On Friday 04 March 2011 12:25, Andrew C wrote:
It isn't merely "not n00b friendly". It's n00b-hostile. Many such users,
probably most of them, literally think command prompts are error messages,
that they did something wrong to be presented with a featureless black
rectangle that does nothing when you click it.
You can say they just need education, but the thought processes involved in
choosing something from a menu of options versus actively deciding what to
type into an otherwise blank window are completely different, actually
using different parts of the brain. I prefer the command line for most
administrative tasks, but I haven't been either a n00b or a normal user
since about 1983, and I'd guess few if any on this list are. Even then, I
remember wishing for a couple of months that I'd gotten more console games
instead of a computer, because the learning curve was a bitch.
I've set up family members with Linux (Mandrake/Mandriva, and then Ubuntu)
without them ever running a terminal app or typing anything but emails. I
carefully chose which hardware I recommended to them based on how well it
played with Linux, and made sure they were no more than two clicks away
from anything they wanted to do. I stopped bothering with doing that
several years ago, not because of the command line, but because my family
lives hours away from me, and whenever they'd seek help from closer
relatives because they didn't realize I could ssh into their systems and do
what they needed done remotely, they'd end up with a pirated XP install and
the next thing they'd be asking me was "Do I have a virus?"
Advocating Linux audio to new, non-technical users (not people who
live with you and therefore can get the benefit of your constant
tweaking to fake a seamless experience, but people whose machines are
outside of your control) isn't served by assertions like "it's not worse,
it's just different". What would help would be flawless hardware
detection, automatic system configuration, and everything needed to make
music already running in the background when the user decides to get to
work by making a selection from a menu or clicking an icon on the desktop.

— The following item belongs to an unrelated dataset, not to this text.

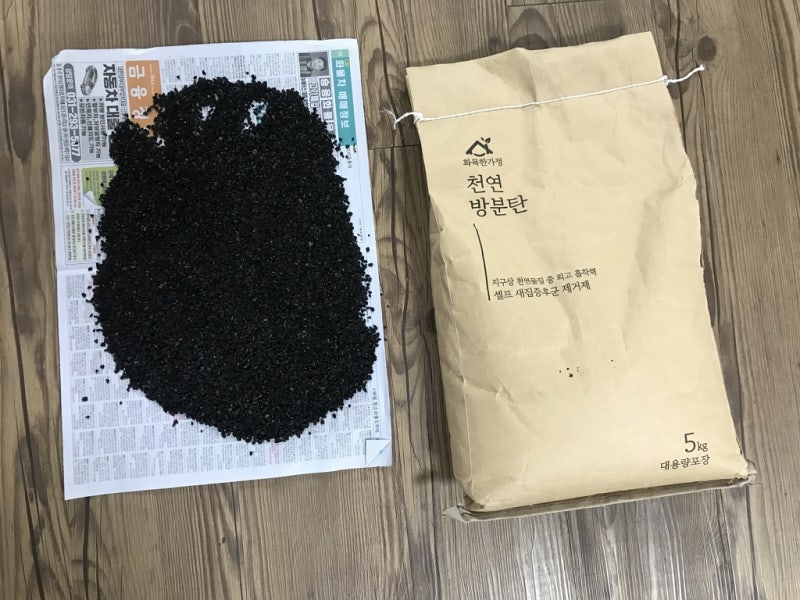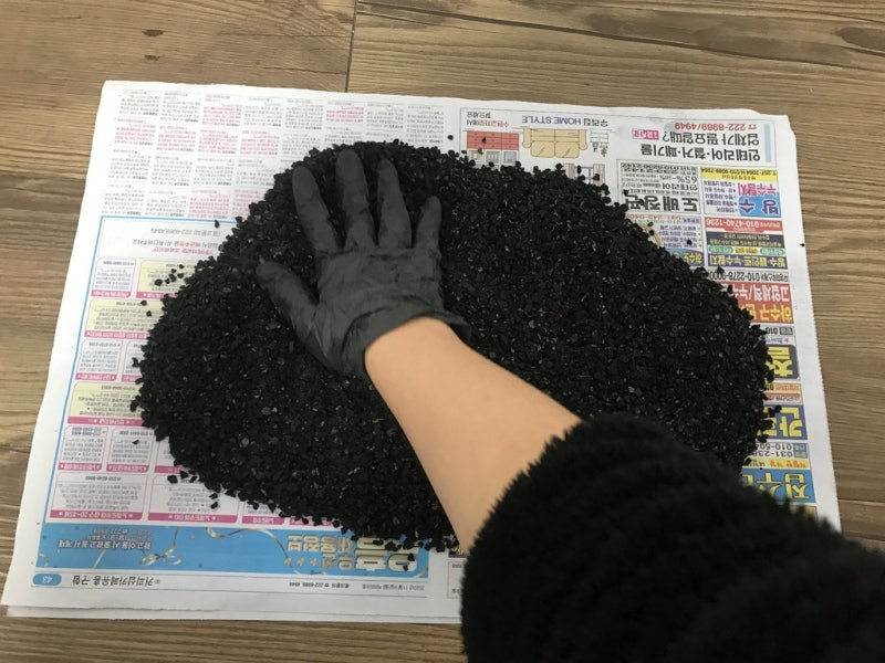 신문지 위에 넓게 펼쳐서 깔아주세요.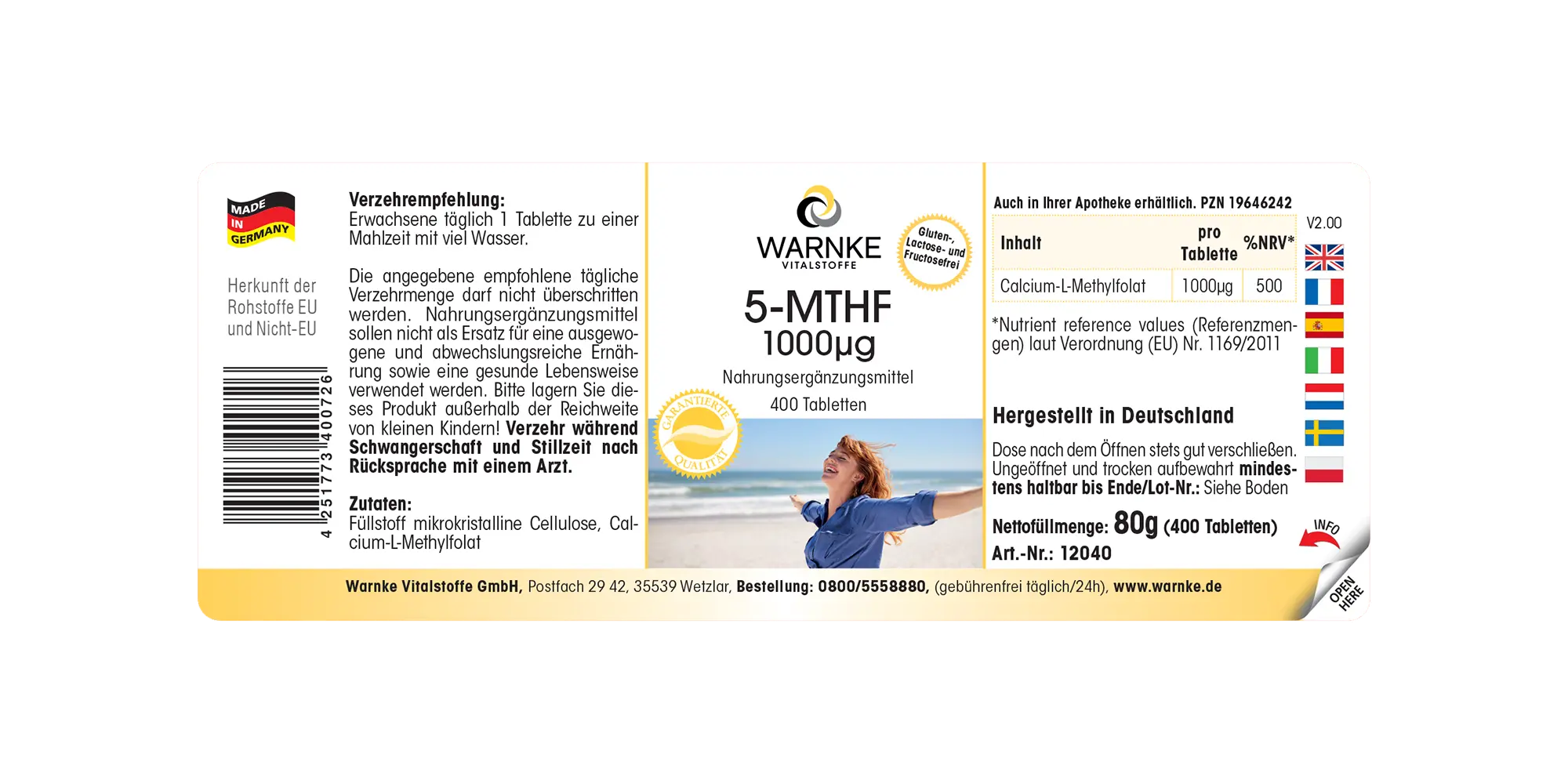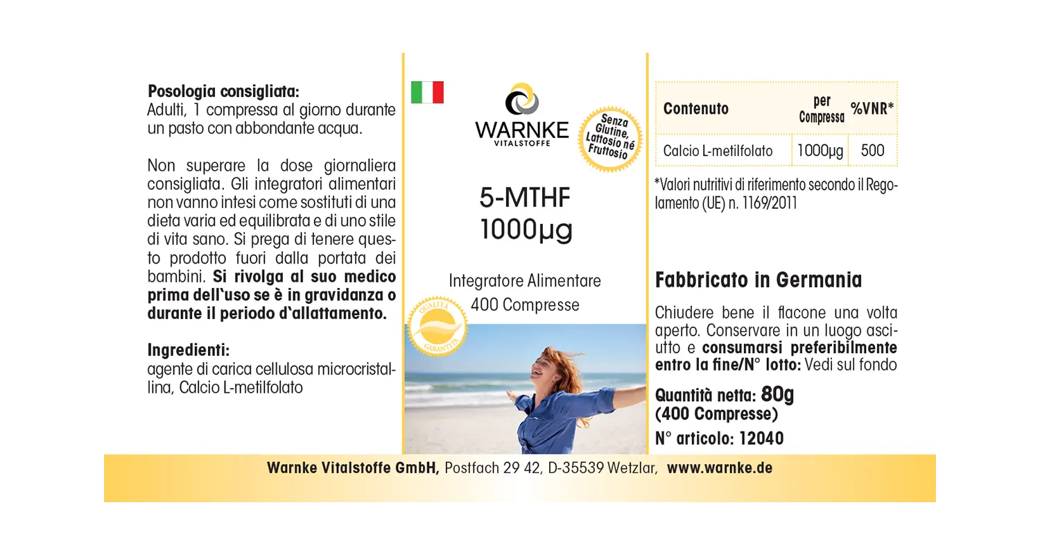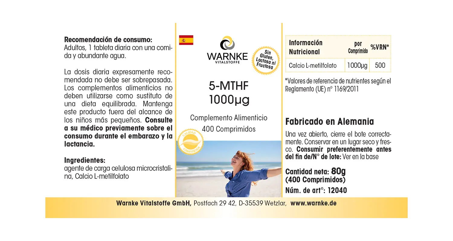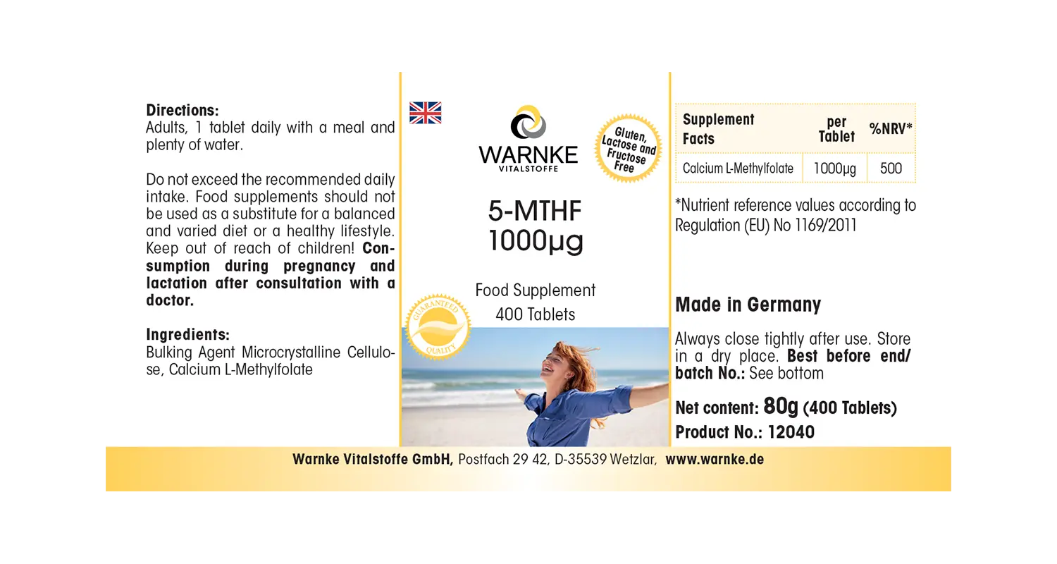 Produktinformationen "5-MTHF 1000 µg - 400 Tabletten - Calcium-L-Methylfolat | Warnke Vitalstoffe"

Even then, getting their computers to boot from a USB key or CD/DVD will
likely involve more technical ability than most of them possess. I'm more
optimistic about people buying Android phones than about the chances of
getting them to run Linux on anything else. Many people involved in Linux
audio seem to think it's a feature to have a separate low-latency kernel,
or that the user has to launch an audio server and manually set up
connections before running most audio applications. Far be it from me to
argue with that... or to ever recommend such a setup to someone who just
wants to record some professional-sounding music.
Given all that, making statements like "the command line isn't n00b
friendly" amount to little more than a state of denial, and it's not
helpful. Not only has the user interface world moved on, but it moved on
about 25 years ago.
And this applies to creative users and multimedia applications about ten
times more than it does to general computing tasks.